Lundi 19 juillet / Preveza – Petriti (île de Corfou)
Départ de bonne heure pour le vrai début de nos navigations. Mer calme avec petite houle au départ. Un peu de vent ensuite. La journée s’écoule agréablement et nous arrivons au niveau de Petriti et son long banc de sable immergé et turquoise. C’est là que nous entreprenons de rentrer la grand-voile. Le moteur enroule un peu la voile dans le mât, puis se met à tourner dans le vide. Il faut ressortir la portion de voile du mât et l’affaler en entier sur le roof. En raison des lattes verticales, le « tas » déborde de tous les côtés et nous le ficelons au mieux pour entrer dans le petit port de pêche. Heureusement nous trouvons une place au quai et Emile regarde de plus près le problème et contacte un représentant de Selden, qui pourra intervenir à Gouvia demain.
Premier bain de mer divin à la petite plage de galets contigüe au port, accompagné des parfums de laurier, thym, eucalyptus et le bruissement frénétique d’une myriade de cigales. C’est exquis!A la tombée de la nuit, les bateaux de pêche locaux (assez grands) quittent tous le port en bande groupée en trainant un petit bateau en remorque, suivis par un nuage de mouettes. Nous les verrons rentrer au petit matin, sans savoir quel type de pêche ils pratiquent ni où exactement.
Mardi 20 juillet / Petriti – Gouvia (île de Corfou)
Nous avons quitté Petriti de bonne heure et nous sommes arrivés à Gouvia en fin de matinée. Ce n’était pas facile de voir devant avec le gros tas de linge qui débordait du roof, mais à deux on a pu assurer la sécurité tout de même. A Gouvia on nous a dirigés vers le ponton Lima, lieu de refuge de tous les estropiés des mers. Là s’activent les équipes techniques du chantier pour réparer tous les petits bobos ou faire aussi les grosses réparations.

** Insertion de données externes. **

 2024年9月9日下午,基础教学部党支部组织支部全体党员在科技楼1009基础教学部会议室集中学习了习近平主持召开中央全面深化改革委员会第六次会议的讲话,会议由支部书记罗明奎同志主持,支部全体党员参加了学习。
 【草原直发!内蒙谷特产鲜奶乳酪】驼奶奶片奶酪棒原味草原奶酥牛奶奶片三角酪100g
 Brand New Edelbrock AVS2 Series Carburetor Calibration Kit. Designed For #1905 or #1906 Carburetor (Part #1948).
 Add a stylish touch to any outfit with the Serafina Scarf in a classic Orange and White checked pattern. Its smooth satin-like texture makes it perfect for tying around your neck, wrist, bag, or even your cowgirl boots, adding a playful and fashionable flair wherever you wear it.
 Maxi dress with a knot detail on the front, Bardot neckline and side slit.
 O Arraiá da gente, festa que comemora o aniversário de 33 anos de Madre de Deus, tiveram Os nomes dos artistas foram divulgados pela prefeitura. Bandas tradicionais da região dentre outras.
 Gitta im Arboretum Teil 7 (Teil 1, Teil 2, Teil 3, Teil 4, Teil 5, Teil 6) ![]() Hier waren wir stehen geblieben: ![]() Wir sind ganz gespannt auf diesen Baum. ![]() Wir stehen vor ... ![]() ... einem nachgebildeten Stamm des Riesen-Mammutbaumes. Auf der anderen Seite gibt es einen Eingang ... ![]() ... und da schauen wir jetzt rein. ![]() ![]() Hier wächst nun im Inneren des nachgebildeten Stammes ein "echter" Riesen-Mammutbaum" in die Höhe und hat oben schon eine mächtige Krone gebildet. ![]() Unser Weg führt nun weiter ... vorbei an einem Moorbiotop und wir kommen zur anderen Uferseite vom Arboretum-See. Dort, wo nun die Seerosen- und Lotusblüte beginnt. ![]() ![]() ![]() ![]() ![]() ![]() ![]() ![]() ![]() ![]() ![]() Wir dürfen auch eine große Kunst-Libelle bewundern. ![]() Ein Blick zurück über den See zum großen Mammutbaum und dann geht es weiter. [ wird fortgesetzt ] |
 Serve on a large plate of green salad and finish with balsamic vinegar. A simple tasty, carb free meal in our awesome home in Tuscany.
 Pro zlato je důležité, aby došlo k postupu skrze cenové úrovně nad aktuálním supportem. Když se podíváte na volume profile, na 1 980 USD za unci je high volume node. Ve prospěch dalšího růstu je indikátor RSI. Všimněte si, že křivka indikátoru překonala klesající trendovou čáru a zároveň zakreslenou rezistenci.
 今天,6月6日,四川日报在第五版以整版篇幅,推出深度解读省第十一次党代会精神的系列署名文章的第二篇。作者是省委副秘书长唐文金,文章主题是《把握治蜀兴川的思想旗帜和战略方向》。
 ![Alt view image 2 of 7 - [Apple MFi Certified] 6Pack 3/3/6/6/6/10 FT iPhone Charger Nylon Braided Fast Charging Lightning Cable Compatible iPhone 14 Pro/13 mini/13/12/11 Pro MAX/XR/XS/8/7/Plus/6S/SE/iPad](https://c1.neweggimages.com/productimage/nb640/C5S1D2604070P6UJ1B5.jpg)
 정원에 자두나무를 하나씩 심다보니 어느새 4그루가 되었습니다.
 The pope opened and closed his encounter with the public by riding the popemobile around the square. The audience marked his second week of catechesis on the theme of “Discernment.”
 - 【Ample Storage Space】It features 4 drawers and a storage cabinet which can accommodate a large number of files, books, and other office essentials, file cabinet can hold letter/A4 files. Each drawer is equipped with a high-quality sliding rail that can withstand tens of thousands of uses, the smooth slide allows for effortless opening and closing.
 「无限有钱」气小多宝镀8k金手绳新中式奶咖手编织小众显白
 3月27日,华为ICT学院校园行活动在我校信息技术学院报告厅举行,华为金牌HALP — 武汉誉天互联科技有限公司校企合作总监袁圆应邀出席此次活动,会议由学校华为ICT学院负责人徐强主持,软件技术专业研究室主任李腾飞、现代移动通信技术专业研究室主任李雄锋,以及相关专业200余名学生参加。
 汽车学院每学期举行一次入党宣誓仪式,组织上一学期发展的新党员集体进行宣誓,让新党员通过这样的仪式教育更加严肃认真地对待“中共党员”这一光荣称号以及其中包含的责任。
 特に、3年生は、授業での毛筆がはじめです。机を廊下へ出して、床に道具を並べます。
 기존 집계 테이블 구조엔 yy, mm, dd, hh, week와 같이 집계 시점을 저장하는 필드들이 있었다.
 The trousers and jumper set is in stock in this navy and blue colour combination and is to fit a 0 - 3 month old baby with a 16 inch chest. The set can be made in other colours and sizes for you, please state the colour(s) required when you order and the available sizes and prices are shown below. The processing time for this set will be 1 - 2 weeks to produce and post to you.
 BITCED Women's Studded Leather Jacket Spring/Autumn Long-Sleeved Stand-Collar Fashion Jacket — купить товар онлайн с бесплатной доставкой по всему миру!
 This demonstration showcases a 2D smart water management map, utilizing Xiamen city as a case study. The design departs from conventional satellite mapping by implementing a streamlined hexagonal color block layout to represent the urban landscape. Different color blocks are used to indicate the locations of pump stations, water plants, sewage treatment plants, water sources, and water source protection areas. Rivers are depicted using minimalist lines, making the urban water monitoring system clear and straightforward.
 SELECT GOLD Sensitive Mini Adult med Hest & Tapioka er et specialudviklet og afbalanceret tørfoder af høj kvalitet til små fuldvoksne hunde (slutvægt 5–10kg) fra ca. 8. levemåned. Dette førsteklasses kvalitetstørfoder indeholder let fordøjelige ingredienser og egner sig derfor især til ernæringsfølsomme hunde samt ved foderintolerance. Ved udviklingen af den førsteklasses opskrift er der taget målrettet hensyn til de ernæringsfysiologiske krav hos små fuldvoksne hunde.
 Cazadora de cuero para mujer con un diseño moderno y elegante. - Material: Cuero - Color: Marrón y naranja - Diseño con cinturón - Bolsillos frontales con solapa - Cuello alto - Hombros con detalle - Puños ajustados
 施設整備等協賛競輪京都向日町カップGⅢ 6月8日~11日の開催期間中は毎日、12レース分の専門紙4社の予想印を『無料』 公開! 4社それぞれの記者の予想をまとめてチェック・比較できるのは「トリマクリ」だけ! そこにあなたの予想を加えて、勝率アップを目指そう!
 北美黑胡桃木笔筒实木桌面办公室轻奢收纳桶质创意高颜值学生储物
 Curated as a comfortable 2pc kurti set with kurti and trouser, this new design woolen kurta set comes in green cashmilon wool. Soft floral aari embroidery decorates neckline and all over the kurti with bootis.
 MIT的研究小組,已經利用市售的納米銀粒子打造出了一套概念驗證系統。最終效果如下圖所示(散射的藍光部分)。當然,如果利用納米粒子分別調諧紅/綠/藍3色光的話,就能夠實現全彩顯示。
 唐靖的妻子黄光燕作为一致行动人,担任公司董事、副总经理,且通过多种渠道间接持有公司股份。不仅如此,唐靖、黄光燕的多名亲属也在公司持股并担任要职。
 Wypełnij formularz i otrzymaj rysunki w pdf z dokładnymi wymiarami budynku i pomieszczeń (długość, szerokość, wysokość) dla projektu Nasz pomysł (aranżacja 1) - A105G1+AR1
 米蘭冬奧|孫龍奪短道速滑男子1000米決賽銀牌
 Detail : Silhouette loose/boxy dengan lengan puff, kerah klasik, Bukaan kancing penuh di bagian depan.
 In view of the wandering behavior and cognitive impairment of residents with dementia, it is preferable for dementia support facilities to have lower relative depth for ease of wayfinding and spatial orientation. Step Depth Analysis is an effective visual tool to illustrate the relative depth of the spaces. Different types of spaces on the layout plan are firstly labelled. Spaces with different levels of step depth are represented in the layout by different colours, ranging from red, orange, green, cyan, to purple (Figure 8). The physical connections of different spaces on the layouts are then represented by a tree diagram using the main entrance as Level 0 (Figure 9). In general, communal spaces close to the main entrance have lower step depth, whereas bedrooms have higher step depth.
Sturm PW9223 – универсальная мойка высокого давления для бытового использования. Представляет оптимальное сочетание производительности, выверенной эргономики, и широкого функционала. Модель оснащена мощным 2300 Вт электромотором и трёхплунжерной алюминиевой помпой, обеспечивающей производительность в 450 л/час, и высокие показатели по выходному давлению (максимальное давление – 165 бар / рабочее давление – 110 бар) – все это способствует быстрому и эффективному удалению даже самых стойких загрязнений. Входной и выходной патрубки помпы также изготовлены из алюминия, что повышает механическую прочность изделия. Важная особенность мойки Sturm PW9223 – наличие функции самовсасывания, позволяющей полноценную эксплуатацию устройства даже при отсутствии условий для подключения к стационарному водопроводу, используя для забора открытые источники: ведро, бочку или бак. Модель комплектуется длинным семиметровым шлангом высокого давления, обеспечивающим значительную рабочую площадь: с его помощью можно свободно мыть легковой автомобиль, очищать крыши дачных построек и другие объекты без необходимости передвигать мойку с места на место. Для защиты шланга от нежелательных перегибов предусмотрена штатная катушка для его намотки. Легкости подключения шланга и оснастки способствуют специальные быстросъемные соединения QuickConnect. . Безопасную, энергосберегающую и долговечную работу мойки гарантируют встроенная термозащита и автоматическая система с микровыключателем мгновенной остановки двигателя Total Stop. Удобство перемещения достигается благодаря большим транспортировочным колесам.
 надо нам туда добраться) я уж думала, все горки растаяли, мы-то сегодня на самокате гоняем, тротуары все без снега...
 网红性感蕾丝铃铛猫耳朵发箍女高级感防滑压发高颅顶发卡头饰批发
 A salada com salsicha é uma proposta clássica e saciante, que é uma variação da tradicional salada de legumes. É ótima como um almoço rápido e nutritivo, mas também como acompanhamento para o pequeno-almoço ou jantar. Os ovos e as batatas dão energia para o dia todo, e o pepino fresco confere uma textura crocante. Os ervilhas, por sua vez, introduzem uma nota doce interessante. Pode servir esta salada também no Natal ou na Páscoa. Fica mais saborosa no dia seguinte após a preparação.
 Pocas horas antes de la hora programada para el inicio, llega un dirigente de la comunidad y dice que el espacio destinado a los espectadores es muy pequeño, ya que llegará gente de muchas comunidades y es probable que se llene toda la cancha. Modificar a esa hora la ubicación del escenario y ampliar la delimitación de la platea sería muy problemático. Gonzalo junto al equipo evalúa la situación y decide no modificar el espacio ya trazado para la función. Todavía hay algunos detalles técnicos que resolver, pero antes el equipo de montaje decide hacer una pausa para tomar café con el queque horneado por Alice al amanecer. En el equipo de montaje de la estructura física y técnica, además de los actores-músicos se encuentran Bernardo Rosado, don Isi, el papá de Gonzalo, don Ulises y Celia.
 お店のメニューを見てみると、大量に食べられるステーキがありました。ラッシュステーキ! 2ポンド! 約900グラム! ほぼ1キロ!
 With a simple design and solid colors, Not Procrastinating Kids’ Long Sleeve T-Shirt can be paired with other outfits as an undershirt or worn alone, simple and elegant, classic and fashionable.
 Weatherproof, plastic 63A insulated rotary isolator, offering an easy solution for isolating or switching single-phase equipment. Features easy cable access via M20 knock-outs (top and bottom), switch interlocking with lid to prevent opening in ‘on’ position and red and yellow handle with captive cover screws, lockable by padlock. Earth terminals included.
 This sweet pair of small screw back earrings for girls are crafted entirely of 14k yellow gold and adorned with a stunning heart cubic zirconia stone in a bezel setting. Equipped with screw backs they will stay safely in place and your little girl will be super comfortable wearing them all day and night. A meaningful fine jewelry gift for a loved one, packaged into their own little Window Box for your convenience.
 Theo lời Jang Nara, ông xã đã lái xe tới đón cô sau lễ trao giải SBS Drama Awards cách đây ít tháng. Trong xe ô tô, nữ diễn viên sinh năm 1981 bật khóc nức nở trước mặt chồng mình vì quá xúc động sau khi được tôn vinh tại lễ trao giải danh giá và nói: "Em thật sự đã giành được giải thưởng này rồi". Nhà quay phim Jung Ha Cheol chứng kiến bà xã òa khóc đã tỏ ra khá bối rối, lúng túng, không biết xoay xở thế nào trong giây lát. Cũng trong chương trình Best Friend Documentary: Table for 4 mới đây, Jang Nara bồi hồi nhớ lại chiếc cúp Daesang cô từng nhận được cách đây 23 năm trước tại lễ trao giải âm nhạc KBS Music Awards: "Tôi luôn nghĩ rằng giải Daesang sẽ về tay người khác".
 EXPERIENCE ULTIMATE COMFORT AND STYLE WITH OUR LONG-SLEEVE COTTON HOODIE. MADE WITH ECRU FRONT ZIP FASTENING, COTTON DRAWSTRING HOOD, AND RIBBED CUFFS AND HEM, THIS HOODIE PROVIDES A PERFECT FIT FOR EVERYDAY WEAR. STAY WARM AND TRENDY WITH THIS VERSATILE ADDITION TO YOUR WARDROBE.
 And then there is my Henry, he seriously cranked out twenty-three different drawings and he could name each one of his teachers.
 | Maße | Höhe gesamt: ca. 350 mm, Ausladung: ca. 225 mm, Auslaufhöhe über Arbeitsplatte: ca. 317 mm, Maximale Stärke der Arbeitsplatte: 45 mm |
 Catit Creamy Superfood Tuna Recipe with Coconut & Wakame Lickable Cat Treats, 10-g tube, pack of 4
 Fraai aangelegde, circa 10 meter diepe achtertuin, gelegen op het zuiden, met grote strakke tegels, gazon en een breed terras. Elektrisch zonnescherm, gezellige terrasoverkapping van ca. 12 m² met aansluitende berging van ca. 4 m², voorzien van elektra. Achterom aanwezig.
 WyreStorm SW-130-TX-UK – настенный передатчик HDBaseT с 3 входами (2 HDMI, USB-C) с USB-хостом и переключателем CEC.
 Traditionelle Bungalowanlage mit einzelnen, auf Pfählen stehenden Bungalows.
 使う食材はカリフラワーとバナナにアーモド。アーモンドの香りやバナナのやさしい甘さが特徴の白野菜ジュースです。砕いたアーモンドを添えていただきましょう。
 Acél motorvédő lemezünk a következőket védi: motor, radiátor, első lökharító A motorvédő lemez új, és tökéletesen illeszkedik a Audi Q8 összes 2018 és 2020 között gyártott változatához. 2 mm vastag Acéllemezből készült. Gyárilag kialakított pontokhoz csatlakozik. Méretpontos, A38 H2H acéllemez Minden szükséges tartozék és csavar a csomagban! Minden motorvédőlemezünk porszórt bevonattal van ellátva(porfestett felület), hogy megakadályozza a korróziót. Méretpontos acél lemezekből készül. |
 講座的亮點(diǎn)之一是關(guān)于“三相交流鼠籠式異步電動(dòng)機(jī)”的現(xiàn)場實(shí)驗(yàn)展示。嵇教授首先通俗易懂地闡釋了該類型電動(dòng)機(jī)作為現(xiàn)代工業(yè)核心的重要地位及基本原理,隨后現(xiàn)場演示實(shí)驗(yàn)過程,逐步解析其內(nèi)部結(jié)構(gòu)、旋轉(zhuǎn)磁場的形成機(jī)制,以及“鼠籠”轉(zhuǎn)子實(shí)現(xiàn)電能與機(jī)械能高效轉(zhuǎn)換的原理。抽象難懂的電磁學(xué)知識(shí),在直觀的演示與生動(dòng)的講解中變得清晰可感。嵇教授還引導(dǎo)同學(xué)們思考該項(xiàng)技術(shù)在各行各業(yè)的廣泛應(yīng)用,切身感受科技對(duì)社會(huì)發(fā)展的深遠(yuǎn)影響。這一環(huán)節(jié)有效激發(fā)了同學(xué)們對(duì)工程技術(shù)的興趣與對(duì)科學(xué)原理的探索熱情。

Le correspondant d’Emile est venu assez vite. Il a regardé le problème et a annoncé qu’il y en aurait pour cinq cents euros. Puis il a éclaté de rire et à dit « non c’est tout simple ne vous inquiétez pas ». Il a envoyé deux de ses gars pour réparer. Mais quand ils ont démonté et regardé de plus près, il ont trouvé deux problèmes au lieu d’un. Vraisemblablement à la construction une goupille a été oubliée et son absence a permis le jeu d’un petit loquet qui a agrandi le trou d’une autre pièce, etc, etc…. Bref ils ont dû usiner une nouvelle pièce, remplacer un ressort (qui devra être remplacé au retour en France car ils n’en avaient pas en acier inoxydable). Puis ils ont remonté la voile et l’ont actionnée plusieurs fois. Ca fonctionne très bien maintenant.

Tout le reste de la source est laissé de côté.